323 Number of Conencted Components in an undirected graph: the input of this problem is like LC319. and the problem is very easy, just to find the tatol number of components in give graph. this is a classic-classic union find problem.
332 Reconstruct Itinerary: reconstrcut a list of unordered plane tickets, starting from JFK. the palne taickets may contains invalid route, but it is guaranteed to have at least one valid. and we need to return the route with smallest lexicographic. this is a very simple dfs problem as well, just constrcut the graph using hasmap, and did postorder dfs.
399 Evaluate Division: this question seems pretty odd for being catagorized in graph. so this problem is basically given a set of equations, and given a set of queries, return the query results in array. this problem can be seen as the dfs problem, we need to find the distance between two given route. and the other way to solve this, is Union Find,
444 Sequence Reconstruction: Check whether the original sequence org can be uniquely reconstructed from the sequences in seqs. so the problem seems hard to understand at first, but it’s not that diffcult. so basically we are given an arrayList, and a list of original list, we need to see if the given list can formed as this given sequence uniquely.
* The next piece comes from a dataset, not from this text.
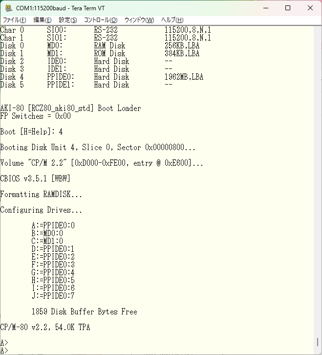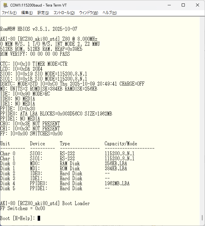 RomWBWのコンフィグファイルもSuper AKI-80に合わせて直してある。

I have an article about it.
1059: All Paths from Source Lead to Destination: this is a pretty straoght forward graph problem. given int n, int[][] edges, int source, int destination, we need to determine whether or not all paths starting from same given source eventually end at same given destination. this is pretty stragith forward. first we constrcut the graph, and then do a dfs backtracking, we have to make sure every neghbor of current node lead to the destination, if any of them can’t lead to, then return false.
684 Redundant Connection: this problem is not a regualr one, but we can see it in graph right away. we are given an array of edges, and that represent a graph, now we are gonna to remove some edges to make the graph into a valid tree. and we have to remove all the removed edges. the given graph is an undirected. this problem can be solve in simple dfs or Union find.
685 Redundant Connection2: this time, we will be given a directed graph, and we need to find that deplicate connected vertices
743 Network delay time: we are given a directed weighted graph, and we know that the node from 1 to N in this graph. now we are given the starting node k, now we need to know the farthest node from starting node k. return the umber of distance. this can be done using dfs or bfs, and this problem is exactly dijkstra: shortest path problem.
765 Couple Holding hands: N pairs of couples siin 2N seat, and we need to know the minimum swap that makes every pair sit together. and we need to return the number of swaps.